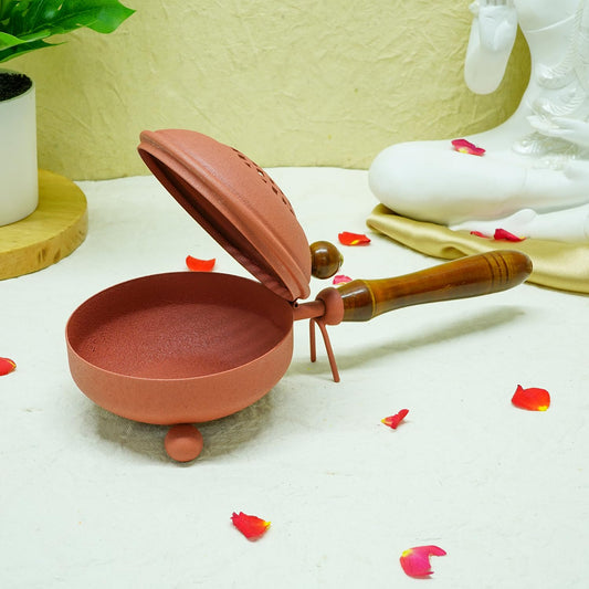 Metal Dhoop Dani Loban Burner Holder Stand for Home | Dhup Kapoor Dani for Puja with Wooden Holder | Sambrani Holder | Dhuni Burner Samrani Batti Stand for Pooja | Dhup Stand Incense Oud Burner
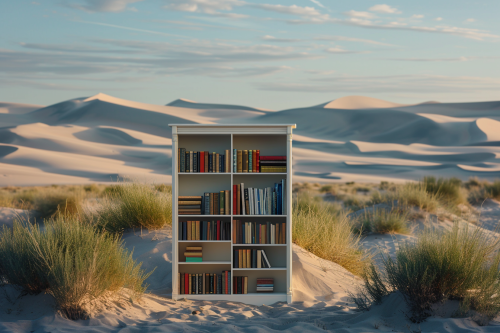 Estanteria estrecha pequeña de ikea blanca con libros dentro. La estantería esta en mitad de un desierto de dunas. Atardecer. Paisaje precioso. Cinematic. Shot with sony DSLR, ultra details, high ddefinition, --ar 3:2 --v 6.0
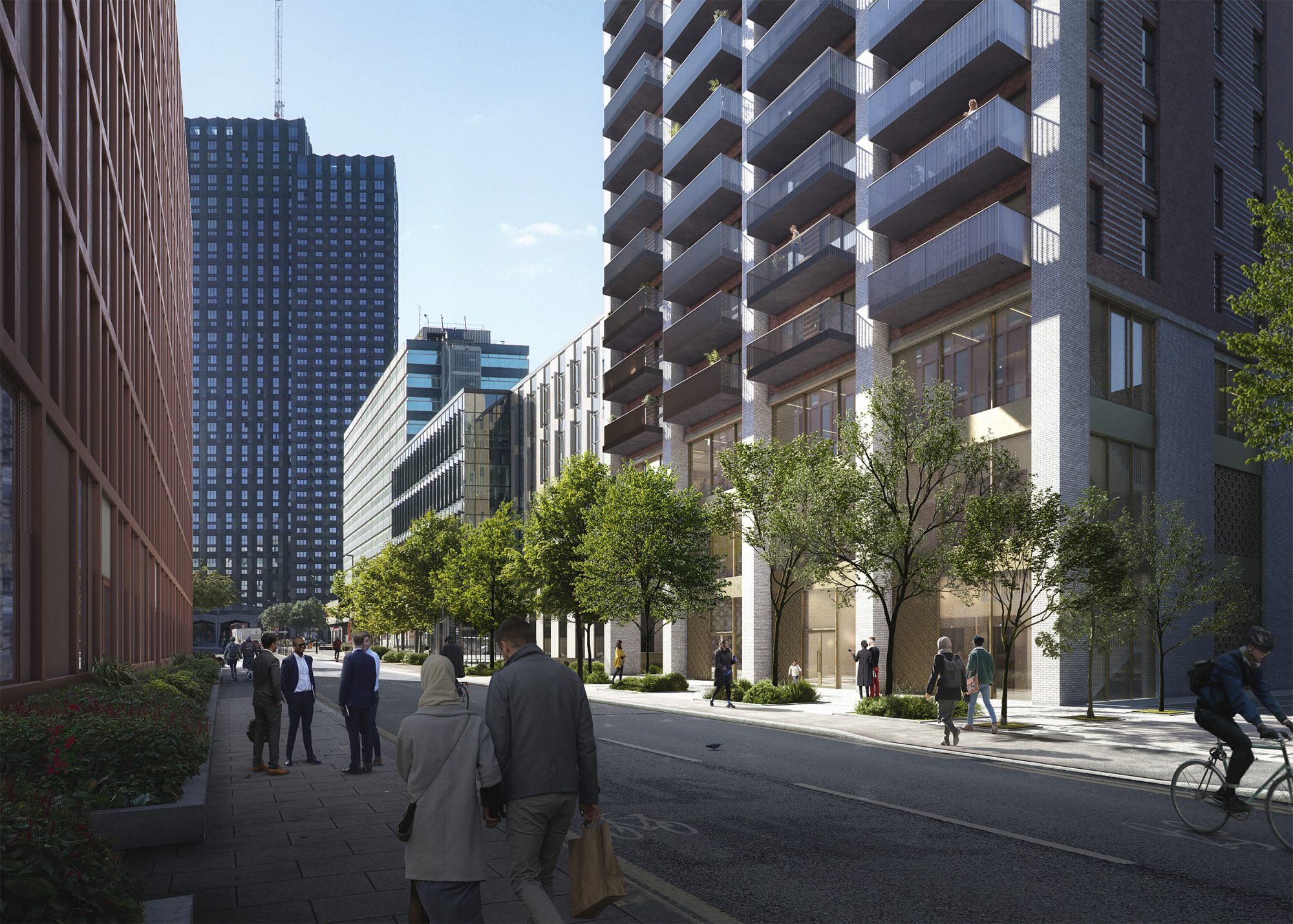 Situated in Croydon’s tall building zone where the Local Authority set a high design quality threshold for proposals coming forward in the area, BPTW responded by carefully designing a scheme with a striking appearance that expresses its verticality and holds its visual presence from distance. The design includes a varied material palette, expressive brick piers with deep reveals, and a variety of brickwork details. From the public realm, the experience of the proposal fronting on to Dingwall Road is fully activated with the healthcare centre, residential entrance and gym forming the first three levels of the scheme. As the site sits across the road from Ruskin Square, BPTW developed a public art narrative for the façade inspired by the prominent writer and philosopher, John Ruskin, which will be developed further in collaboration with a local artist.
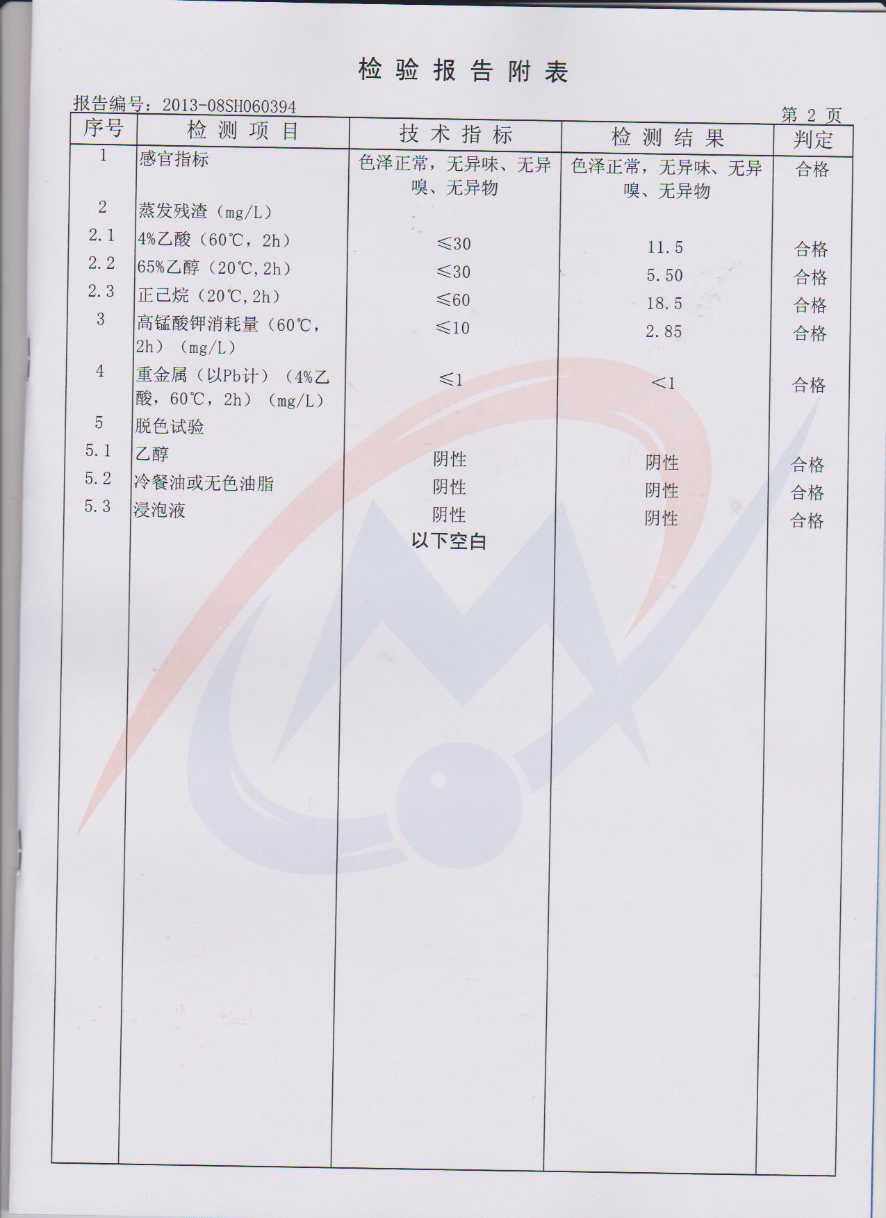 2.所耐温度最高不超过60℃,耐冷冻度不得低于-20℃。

######

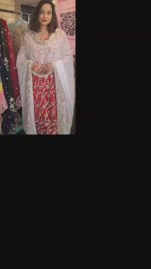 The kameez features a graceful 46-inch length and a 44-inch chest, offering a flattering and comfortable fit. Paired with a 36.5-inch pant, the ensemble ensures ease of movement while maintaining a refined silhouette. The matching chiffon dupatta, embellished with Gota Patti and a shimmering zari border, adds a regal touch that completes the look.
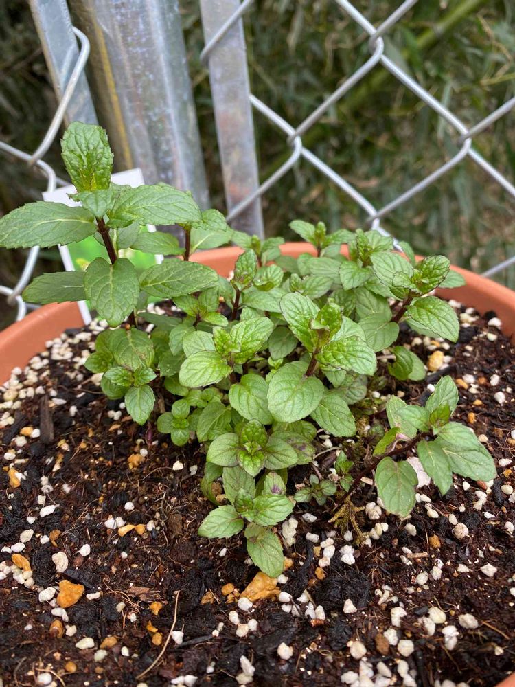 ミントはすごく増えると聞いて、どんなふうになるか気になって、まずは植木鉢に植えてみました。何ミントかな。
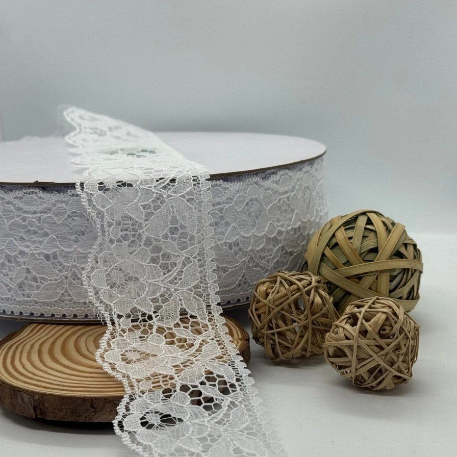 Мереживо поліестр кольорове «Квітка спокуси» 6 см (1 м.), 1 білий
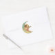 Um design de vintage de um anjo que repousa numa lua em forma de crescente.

######

▶ Task to complete: In the records above, find the line with "Situated in Croydon’s" and the line with "2.所耐温度最高不超过60℃,耐冷冻度不得低于-20℃。"; please transcribe exactly those two lines and all lines between them, omitting any picture.

▶ Response:
 Situated in Croydon’s tall building zone where the Local Authority set a high design quality threshold for proposals coming forward in the area, BPTW responded by carefully designing a scheme with a striking appearance that expresses its verticality and holds its visual presence from distance. The design includes a varied material palette, expressive brick piers with deep reveals, and a variety of brickwork details. From the public realm, the experience of the proposal fronting on to Dingwall Road is fully activated with the healthcare centre, residential entrance and gym forming the first three levels of the scheme. As the site sits across the road from Ruskin Square, BPTW developed a public art narrative for the façade inspired by the prominent writer and philosopher, John Ruskin, which will be developed further in collaboration with a local artist.
 2.所耐温度最高不超过60℃,耐冷冻度不得低于-20℃。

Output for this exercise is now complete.